HIV infects a cell through fusion with the cell membrane, which requires two different cellular molecular participants, CD4 and a chemokine receptor (differing depending on the cell type). Approaches to blocking this virus/cell fusion have shown some promise in preventing entry of the virus into a cell. At least one of these entry inhibitors—a biomimetic peptide called enfuvirtide, or the brand name Fuzeon—has received FDA approval and has been in use for some time. Potentially, one of the benefits from the use of an effective entry-blocking or entry-inhibiting agent is that it potentially may not only prevent the spread of the virus within an infected individual but also the spread from an infected to an uninfected individual.

One possible advantage of the therapeutic approach of blocking viral entry (as opposed to the currently dominant approach of viral enzyme inhibition) is that it may prove more difficult for the virus to develop resistance to this therapy than for the virus to mutate or evolve its enzymatic protocols.

=====Uncoating inhibitors=====
Inhibitors of uncoating have also been investigated.

Amantadine and rimantadine have been introduced to combat influenza. These agents act on penetration and uncoating.

Pleconaril works against rhinoviruses, which cause the common cold, by blocking a pocket on the surface of the virus that controls the uncoating process. This pocket is similar in most strains of rhinoviruses and enteroviruses, which can cause diarrhea, meningitis, conjunctivitis, and encephalitis.

Some scientists are making the case that a vaccine against rhinoviruses, the predominant cause of the common cold, is achievable.
Vaccines that combine dozens of varieties of rhinovirus at once are effective in stimulating antiviral antibodies in mice and monkeys, researchers reported in Nature Communications in 2016.

Rhinoviruses are the most common cause of the common cold; other viruses such as respiratory syncytial virus, parainfluenza virus and adenoviruses can cause them too. Rhinoviruses also exacerbate asthma attacks. Although rhinoviruses come in many varieties, they do not drift to the same degree that influenza viruses do. A mixture of 50 inactivated rhinovirus types should be able to stimulate neutralizing antibodies against all of them to some degree.

====During viral synthesis====
A second approach is to target the processes that synthesize virus components after a virus invades a cell.

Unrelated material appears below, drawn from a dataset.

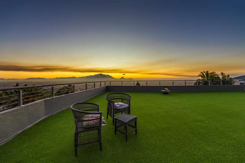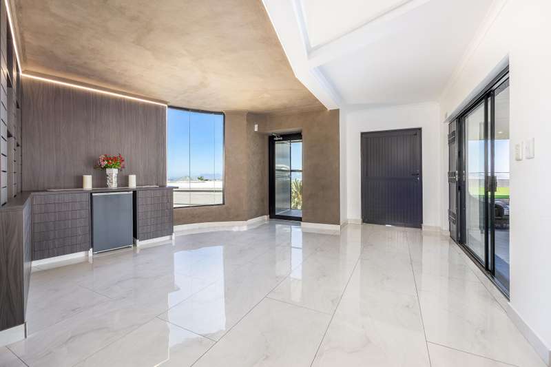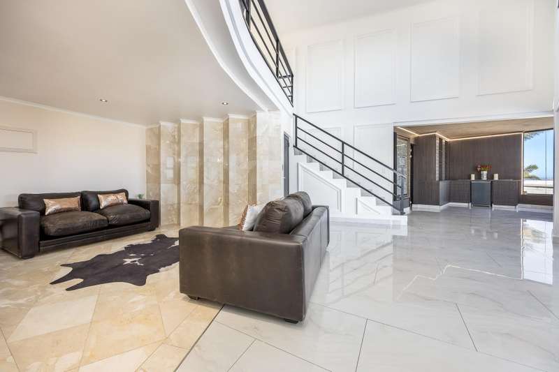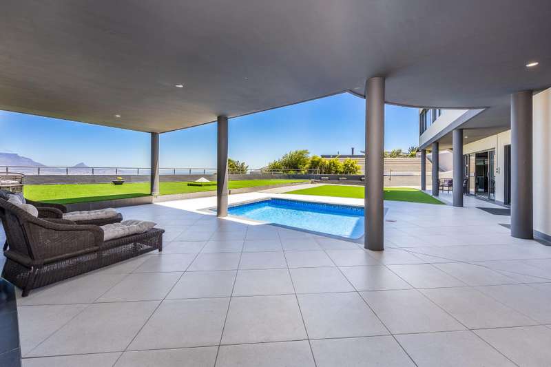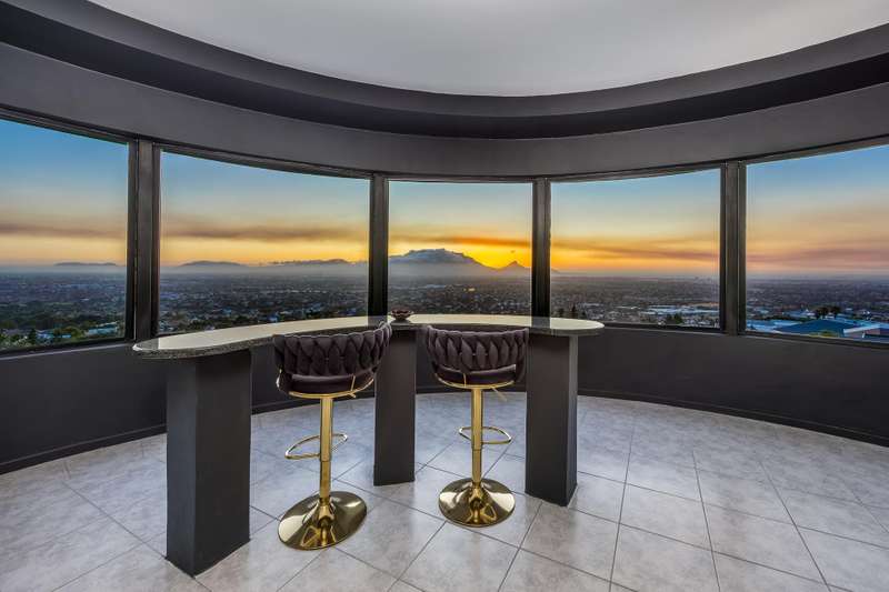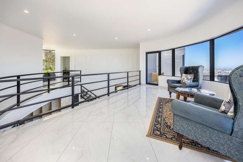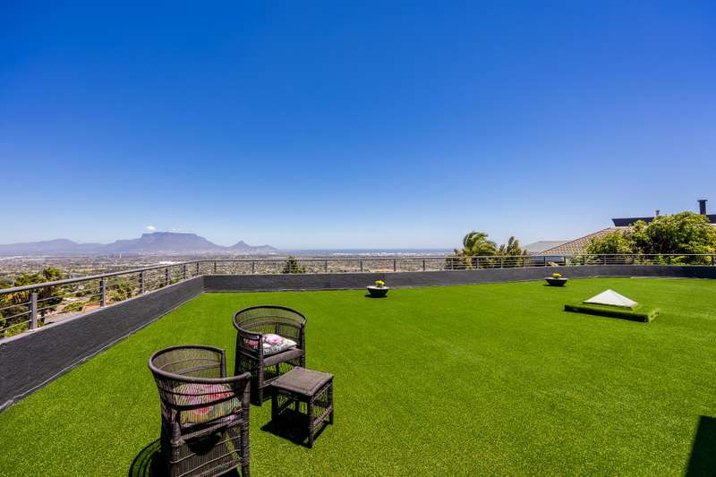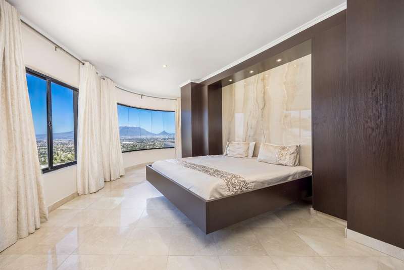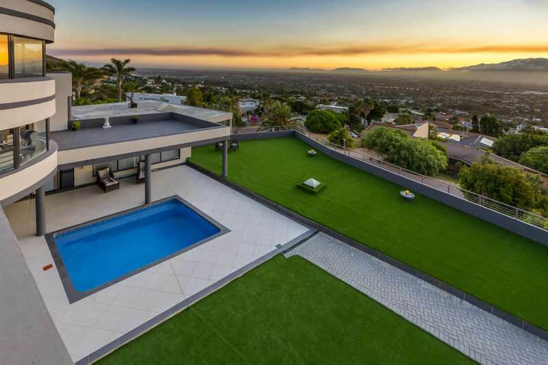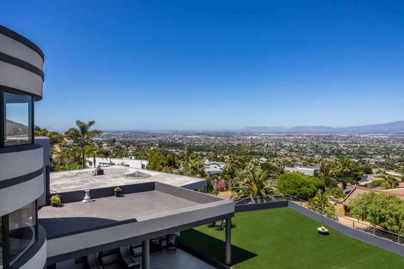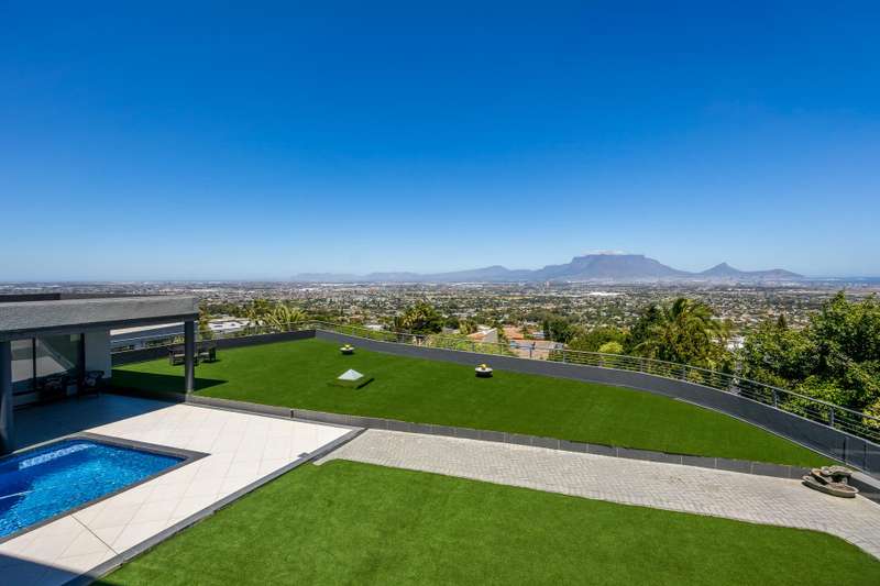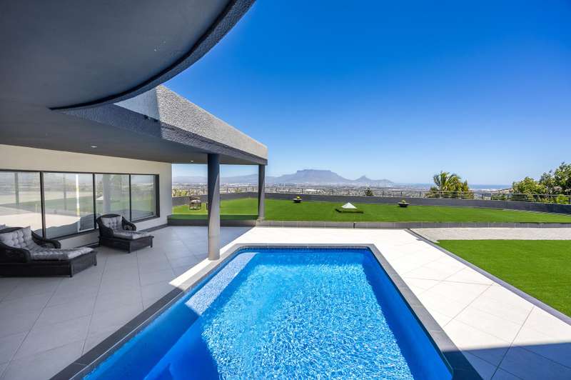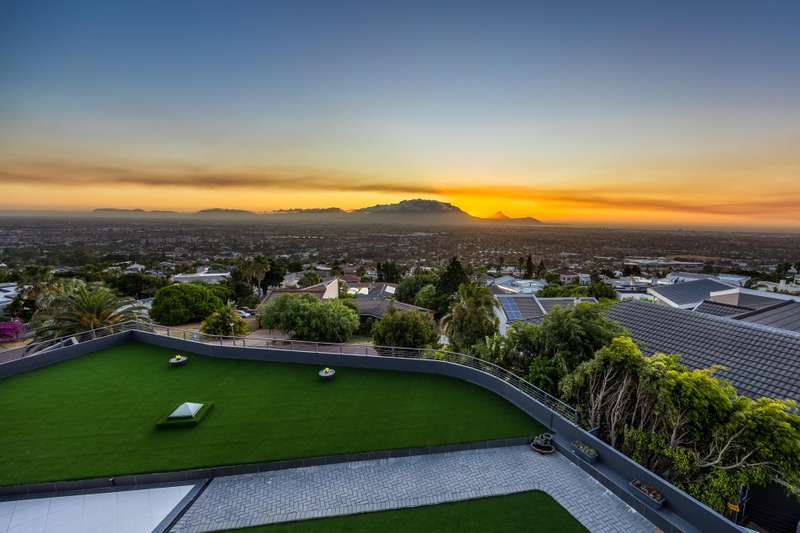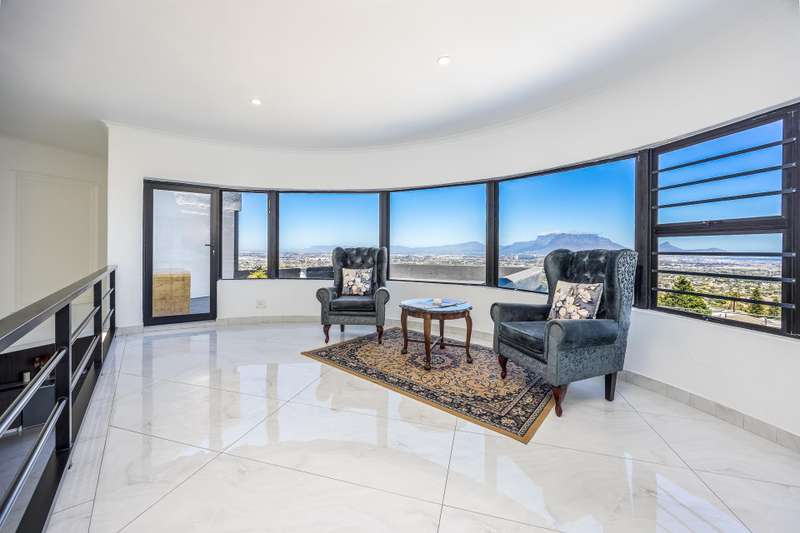 Top-tier Plattekloof living comes to life in this five-level residence, where bold architecture, striking lines, and expansive volumes impress from the moment you arrive. Perched on the slopes of Tygerberg and adjacent to the Nature Reserve, the home commands uninterrupted vistas?Çöfrom Hangklip across the azure waters of False Bay to the iconic Table Mountain, Table Bay, and historic Robben Island. Designed as two distinct yet harmonious living spaces, the property offers flexibility for multi-generational families or investors seeking premium rental opportunities. A three-level main house comprises four bedrooms, while two lower levels accommodate a three-bedroom duplex, combining privacy with cohesion. A separate one-bedroom apartment provides rental income or staff accommodation, complemented by an additional staff room at the rear. The main house flows effortlessly from the lift lobby into formal and informal living areas, an open-plan kitchen fitted with a 6-burner gas cooker and electric hob. The guest bedroom suite is also located on this level. Living spaces extend to the pool terrace, creating a seamless indoor?Çôoutdoor experience. The middle level hosts the main bedroom suite, two additional bedrooms with en-suite bathrooms, a pajama lounge, and a terrace that frames spectacular sunsets over the Atlantic, creating a daily display of Cape Town's natural beauty. The top floor features an entertainment room with a fireplace, exceptional panoramic views of the Cape Peninsula, and a Juliet balcony overlooking the Nature Reserve. Notable extras include a dedicated study, lift access throughout the main house, water-harvesting tanks, and a state-of-the-art solar and inverter system. Call now to arrange your private and exclusive viewing.

=====Reverse transcription=====
One way of doing this is to develop nucleotide or nucleoside analogues that look like the building blocks of RNA or DNA, but deactivate the enzymes that synthesize the RNA or DNA once the analogue is incorporated. This approach is more commonly associated with the inhibition of reverse transcriptase (RNA to DNA) than with "normal" transcriptase (DNA to RNA).

The first successful antiviral, aciclovir, is a nucleoside analogue, and is effective against herpesvirus infections. The first antiviral drug to be approved for treating HIV, zidovudine (AZT), is also a nucleoside analogue.

An improved knowledge of the action of reverse transcriptase has led to better nucleoside analogues to treat HIV infections. One of these drugs, lamivudine, has been approved to treat hepatitis B, which uses reverse transcriptase as part of its replication process. Researchers have gone further and developed inhibitors that do not look like nucleosides, but can still block reverse transcriptase.

Another target being considered for HIV antivirals include RNase H—which is a component of reverse transcriptase that splits the synthesized DNA from the original viral RNA.

=====Integrase=====
Another target is integrase, which integrate the synthesized DNA into the host cell genome. Examples of integrase inhibitors include raltegravir, elvitegravir, and dolutegravir.

=====Transcription=====
Once a virus genome becomes operational in a host cell, it then generates messenger RNA (mRNA) molecules that direct the synthesis of viral proteins. Production of mRNA is initiated by proteins known as transcription factors. Several antivirals are now being designed to block attachment of transcription factors to viral DNA.

=====Translation/antisense=====
Genomics has not only helped find targets for many antivirals, it has provided the basis for an entirely new type of drug, based on "antisense" molecules. These are segments of DNA or RNA that are designed as complementary molecules to critical sections of viral genomes, and the binding of these antisense segments to these target sections blocks the operation of those genomes. A phosphorothioate antisense drug named fomivirsen has been introduced, used to treat opportunistic eye infections in AIDS patients caused by cytomegalovirus, and other antisense antivirals are in development. An antisense structural type that has proven especially valuable in research is morpholino antisense.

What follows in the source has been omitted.